During startup We store the channel every block.
memcpy (aecm->channelstored,
Aecm->channeladapt16,
sizeof (int16_t) * part_len1);
Recalculate Echo Estimate
for (i = 0; i < part_len; i + = 4) {
Echo_est[i] = webrtc_spl_mul_16_u16 (Aecm->channelstored[i],
Far_spectrum[i]);
Echo_est[i + 1] = webrtc_spl_mul_16_u16 (aecm->channelstored[i + 1],
Far_spectrum[i + 1]);
Echo_est[i + 2] = webrtc_spl_mul_16_u16 (Aecm->channelstored[i + 2],
Far_spectrum[i + 2]);
Echo_est[i + 3] = webrtc_spl_mul_16_u16 (Aecm->channelstored[i + 3],
Far_spectrum[i + 3]);
// }
Echo_est[i] = webrtc_spl_mul_16_u16 (Aecm->channelstored[i],
Far_spectrum[i]);
We have enough data.
Calculate MSE of "Adapt" and "Stored" versions.
It is actually not MSE, but average absolute error.
Based on who's MSE small decision store who, adaptive one or old a
Then calculate the Wiener filter gain
Determine suppression gain used in the Wiener filter. The gain is based in a mix of far
End Energy and Echo estimation error.
Calcsuppressiongain (...)
//
This function calculates the suppression gain, that's used in the Wiener filter.
//
//
@param aecm [i/n] Handle of the AECM instance.
@param supgain [out] (Return value) suppression gain with which to scale the noise
Level (Q14).
//
//
int16_t Webrtcaecm_calcsuppressiongain (aecmcore* const AECM) {
In this, you can make a DTD judgment. This is based on the estimated echo signal and the actual input of the echo signal to determine whether the DTD is not.
Then is the Wiener filter and the Henning window, as well as the comfort noise generation, does not understand. Disadvantages:
There is not a good DTD. This results in the absence of the DT when the echo is clean, with the DT, the near end of talk has been eliminated.

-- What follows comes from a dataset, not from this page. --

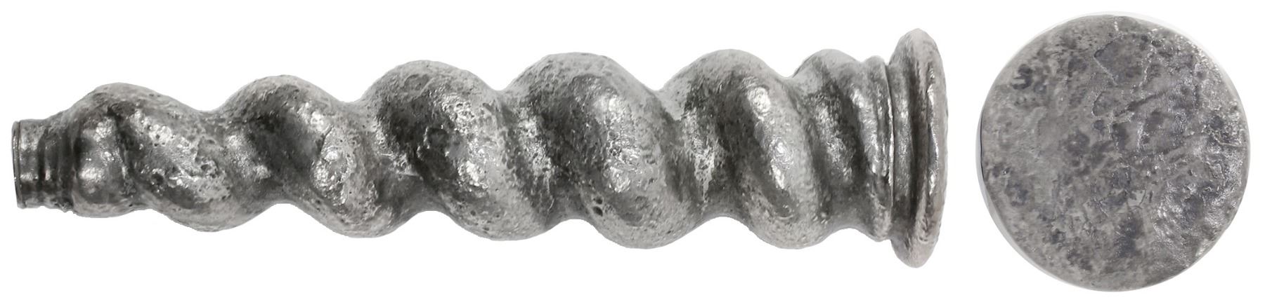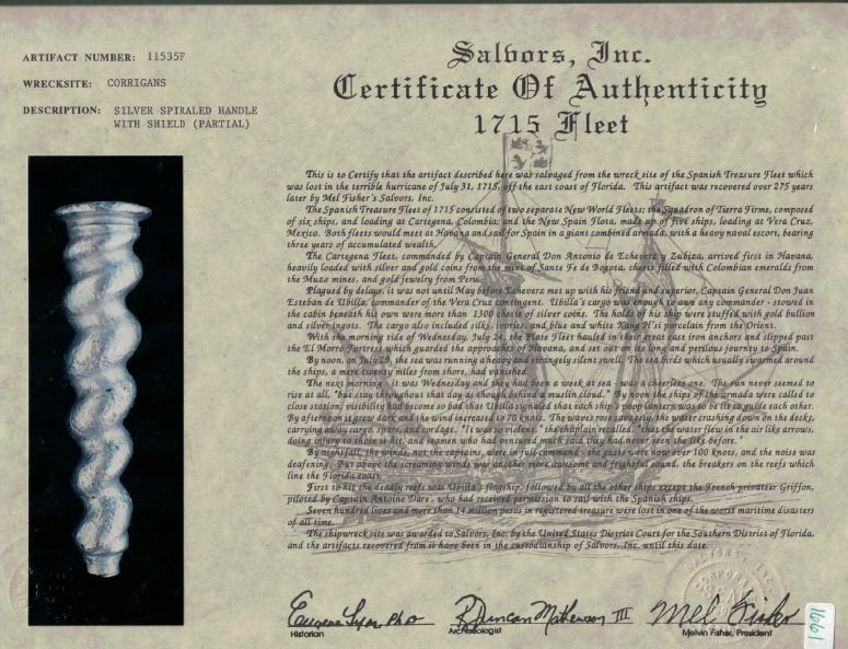 Solid silver coat-of-arms seal with spiral-shaped handle from the 1715 Fleet. 168 grams, 4" long, 1" diameter at base. Attractive, sturdy silver handle with a small, hollow, threaded end on one side and a solid round flat end with an incuse coat of arms (no longer visible) on the other for use as a seal for some important dignitary or officer, mostly intact with a modicum of corrosion. Identical to lot 1600 of our Auction #23 but with coat-of-arms design heavily corroded. From the 1715 Fleet, with Fisher photo-certificate #11535F.

WebRTC not ready to fix it, see Google's mailing list:
Andrew MacDonald
9/29/11
-Show quoted Tex
Just to set the record straight here, no, we don't have any explicit
Double-talk detection. It ' s handled implicitly by limiting the
Magnitude of the error used in adaptation.
Additionally, we disregard the filter output if it is higher
than the input, since this indicates the filter has likely diverged.
braveyao@webrtc.org, Dec 3 2013
Status:wontfix
We once states AECM offers decent double-talk feature which are not equivalent to AEC but better than nothing, giving the L ight complexity of AECM. But people used to has higher expectation then. So it's more safer to say NO double-talk feature in AECM.
And from another thread, we is working on other methods to replace AECM, instead of improving it further. So I would mark the issue to Wontfix too.
BTW: @boykinjim, recently I found out that currently AECM are limited to 8k&16k codec only. So, try not to use Opus on android phone so far.